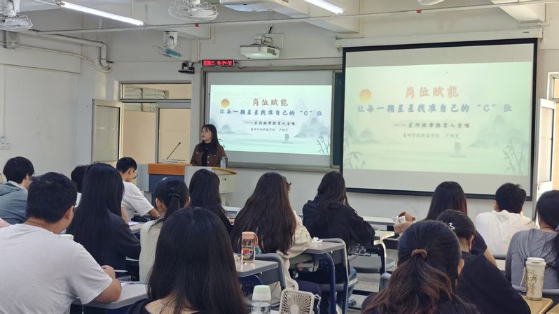 卢绮雯结合自身丰富的班主任工作经验,以“星河班带班育人方略”为主题,系统阐述了独具特色的班级管理理念与实践方法。她以“星河”为喻,强调班级建设应如星河般既有整体凝聚共识性,又要尊重学生的个体差异性因材施教。她分别从班风建设、学风引导、学生个体关怀、家校沟通协作等多个维度,分享了具体个案案例与行之有效的应对策略,为未来可能走向教师岗位的同学们提供了宝贵的经验借鉴与思想启发。除了班级管理经验的倾囊相授,卢绮雯特地为同学们细致讲解了“怎样备考教师招聘”的详细策略。内容涵盖政策解读、备考流程、笔试与面试的关键技巧、岗位选择建议以及备考期间的心理调适等方面。她的讲解深入浅出、条理清晰,有效解答了同学们对于教师编制考试的诸多疑惑,为他们明确了备考方向,也增强了应试自信心。
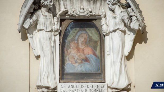 Después de los eventos bélicos, y después del hecho milagroso, el Oratorio de San Pedro encomendó la colocación de la imagen en el nuevo marco de mármol, cuyos lados están protegidos por dos grandes ángeles con escudos clavados. La inscripción de abajo dice: Ab angelis defensa – Kal. Mart. A. D. MCMXLIV.
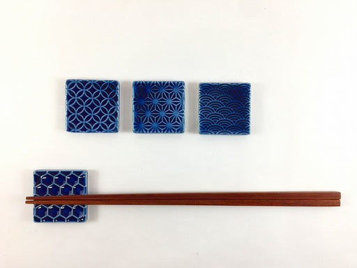 ¥880| /角ハシオキ 彫刻 マリンブルー(亀甲/七宝/青海波/麻の葉) 4cm 有田焼 梶謙製磁(j.R)
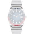Dit Movado horlogebandje is gemaakt van roestvrij staal en wordt aan het horloge bevestigd door middel van schroeven. De band heeft een breedte van 20 mm en wordt gesloten door middel van een vlindersluiting met drukknoppen. De band heeft geen rechte aanzet wat betekent dat deze band alleen geschikt is voor de horloges die hieronder worden vermeld.
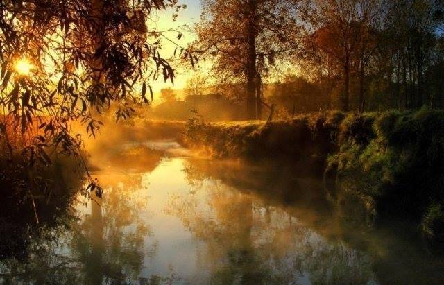 Туман вдоль леса над рекой струился,
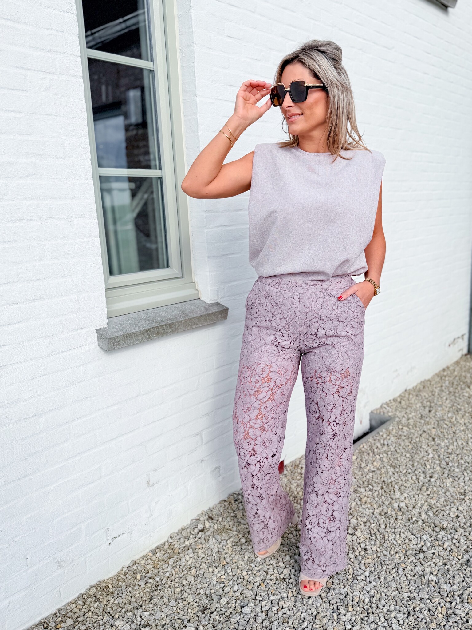 Add to wishlistLeonne lace pants old pink €64,99 Size: *SMLXLAdd to cartLogin for wishlistPay directDescriptionElegant lace trousers with a refined pattern and airy look. Perfect for special occasions or a night out. Effortlessly combines style and comfort for a striking, chic look. Model is 1.62 m and wears size S.
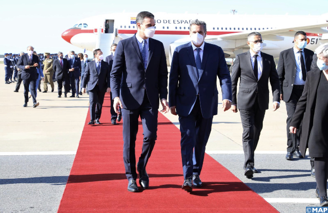 وصل رئيس الحكومة الإسبانية بيدرو سانشيز، اليوم الخميس إلى مطار الرباط سلا، حيث من المنتظر أن يعقد مباحثات مع صاحب الجلالة الملك محمد السادس، قبل تنظيم إفطار على شرفه من طرف جلالة الملك. وقد وجد بيدرو سانشيز، الذي يرافقه في هذه الزيارة، وزير الخارجية خوسيه مانويل ألباريس، في استقباله رئيس الحكومة عزيز أخنوش
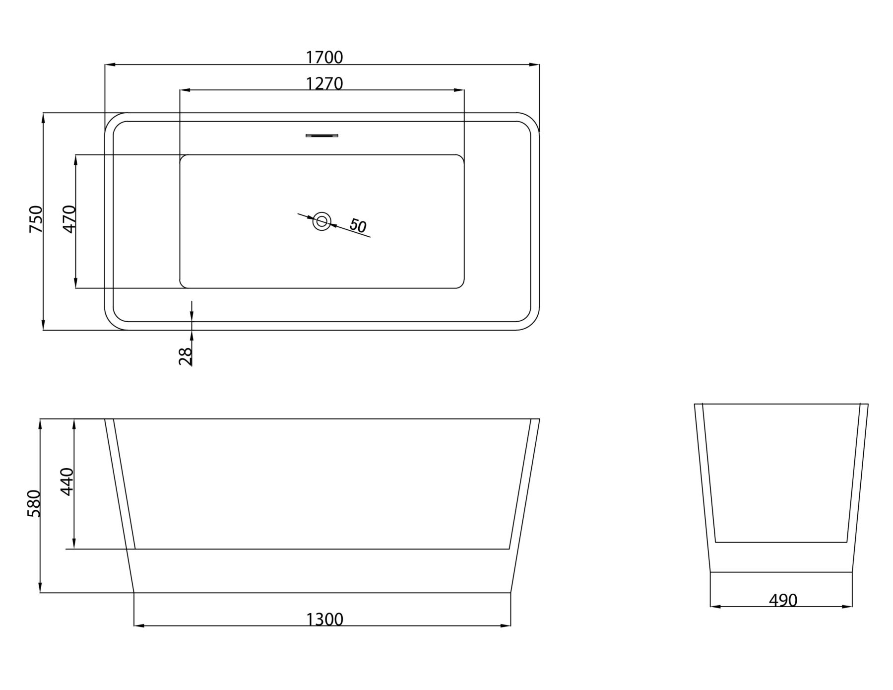 Стандартные размеры, см:170x75
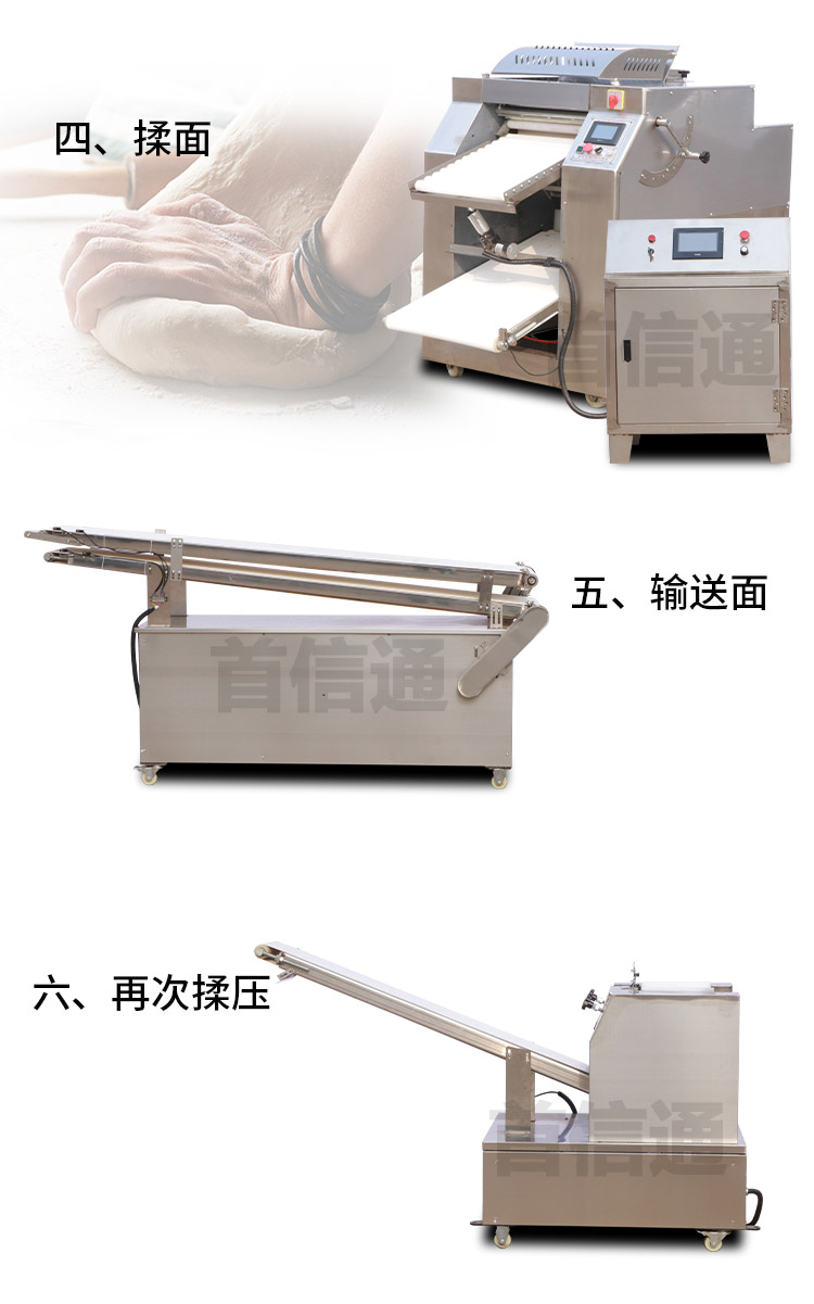 全自動饅頭生產(chǎn)線的工作原理:和面機將和好的面倒到整形輸送機平板輸送上,平板輸送將面輸送至整形輸送機預(yù)壓壓面輥處,將面壓成寬度、厚度均勻的面塊,面塊經(jīng)爬升輸送帶輸送至切刀(滾刀)處,切刀滾動將大面塊切割成大小一致的小面塊,小面塊被輸送進全自動連續(xù)壓面機里進行折疊壓面,壓夠設(shè)定遍數(shù)之后將面分割成兩條寬度一致的面帶,輸送到全自動輸送機雙輸送帶上,兩條輸送帶在程序和感應(yīng)器的控制下進行輪流連續(xù)輸送,面帶被輸送至刀切方饅頭機進行饅頭成型,也可連接仿生圓饅頭機進行圓饅頭成型,增加饅頭擺盤機可將成型后的饅頭自動擺到蒸盤中。? 特注:圓饅頭生產(chǎn)線就是在方饅頭生產(chǎn)線的基礎(chǔ)之上多加了一個方轉(zhuǎn)圓機器。?
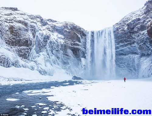 冰岛环城公路囊括了世界上最令人惊异的风景。从海湾,地热池,黑沙海滩到火山,这座神奇的岛屿上,有您能看见的最美的自然风光,史克卡瀑布在冬季尤其美丽。
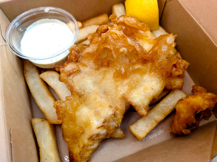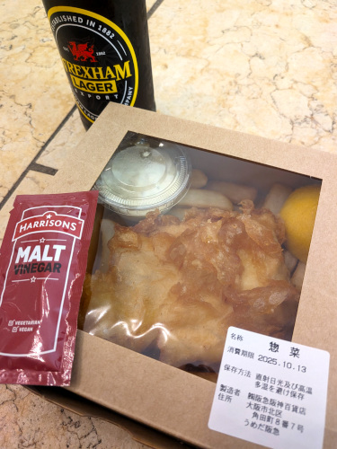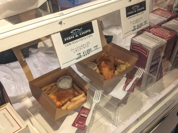 万博の英国館でもフィッシュ・アンド・チップスがテイクアウトで売られていたのですが、フルサイズしか無くてボリュームが多そうで結局買わなかったんですよね。こちらは小さめのレギュラーサイズ(1890円)が用意されているので、ビールと一緒に購入。
----------
Work required: Your task is to repeat the listing exactly while omitting its pictures.

Worked solution:
 卢绮雯结合自身丰富的班主任工作经验,以“星河班带班育人方略”为主题,系统阐述了独具特色的班级管理理念与实践方法。她以“星河”为喻,强调班级建设应如星河般既有整体凝聚共识性,又要尊重学生的个体差异性因材施教。她分别从班风建设、学风引导、学生个体关怀、家校沟通协作等多个维度,分享了具体个案案例与行之有效的应对策略,为未来可能走向教师岗位的同学们提供了宝贵的经验借鉴与思想启发。除了班级管理经验的倾囊相授,卢绮雯特地为同学们细致讲解了“怎样备考教师招聘”的详细策略。内容涵盖政策解读、备考流程、笔试与面试的关键技巧、岗位选择建议以及备考期间的心理调适等方面。她的讲解深入浅出、条理清晰,有效解答了同学们对于教师编制考试的诸多疑惑,为他们明确了备考方向,也增强了应试自信心。
 Después de los eventos bélicos, y después del hecho milagroso, el Oratorio de San Pedro encomendó la colocación de la imagen en el nuevo marco de mármol, cuyos lados están protegidos por dos grandes ángeles con escudos clavados. La inscripción de abajo dice: Ab angelis defensa – Kal. Mart. A. D. MCMXLIV.
 ¥880| /角ハシオキ 彫刻 マリンブルー(亀甲/七宝/青海波/麻の葉) 4cm 有田焼 梶謙製磁(j.R)
Dit Movado horlogebandje is gemaakt van roestvrij staal en wordt aan het horloge bevestigd door middel van schroeven. De band heeft een breedte van 20 mm en wordt gesloten door middel van een vlindersluiting met drukknoppen. De band heeft geen rechte aanzet wat betekent dat deze band alleen geschikt is voor de horloges die hieronder worden vermeld.
 Туман вдоль леса над рекой струился,
 Add to wishlistLeonne lace pants old pink €64,99 Size: *SMLXLAdd to cartLogin for wishlistPay directDescriptionElegant lace trousers with a refined pattern and airy look. Perfect for special occasions or a night out. Effortlessly combines style and comfort for a striking, chic look. Model is 1.62 m and wears size S.
 وصل رئيس الحكومة الإسبانية بيدرو سانشيز، اليوم الخميس إلى مطار الرباط سلا، حيث من المنتظر أن يعقد مباحثات مع صاحب الجلالة الملك محمد السادس، قبل تنظيم إفطار على شرفه من طرف جلالة الملك. وقد وجد بيدرو سانشيز، الذي يرافقه في هذه الزيارة، وزير الخارجية خوسيه مانويل ألباريس، في استقباله رئيس الحكومة عزيز أخنوش
 Стандартные размеры, см:170x75
 全自動饅頭生產(chǎn)線的工作原理:和面機將和好的面倒到整形輸送機平板輸送上,平板輸送將面輸送至整形輸送機預(yù)壓壓面輥處,將面壓成寬度、厚度均勻的面塊,面塊經(jīng)爬升輸送帶輸送至切刀(滾刀)處,切刀滾動將大面塊切割成大小一致的小面塊,小面塊被輸送進全自動連續(xù)壓面機里進行折疊壓面,壓夠設(shè)定遍數(shù)之后將面分割成兩條寬度一致的面帶,輸送到全自動輸送機雙輸送帶上,兩條輸送帶在程序和感應(yīng)器的控制下進行輪流連續(xù)輸送,面帶被輸送至刀切方饅頭機進行饅頭成型,也可連接仿生圓饅頭機進行圓饅頭成型,增加饅頭擺盤機可將成型后的饅頭自動擺到蒸盤中。? 特注:圓饅頭生產(chǎn)線就是在方饅頭生產(chǎn)線的基礎(chǔ)之上多加了一個方轉(zhuǎn)圓機器。?
 冰岛环城公路囊括了世界上最令人惊异的风景。从海湾,地热池,黑沙海滩到火山,这座神奇的岛屿上,有您能看见的最美的自然风光,史克卡瀑布在冬季尤其美丽。
 万博の英国館でもフィッシュ・アンド・チップスがテイクアウトで売られていたのですが、フルサイズしか無くてボリュームが多そうで結局買わなかったんですよね。こちらは小さめのレギュラーサイズ(1890円)が用意されているので、ビールと一緒に購入。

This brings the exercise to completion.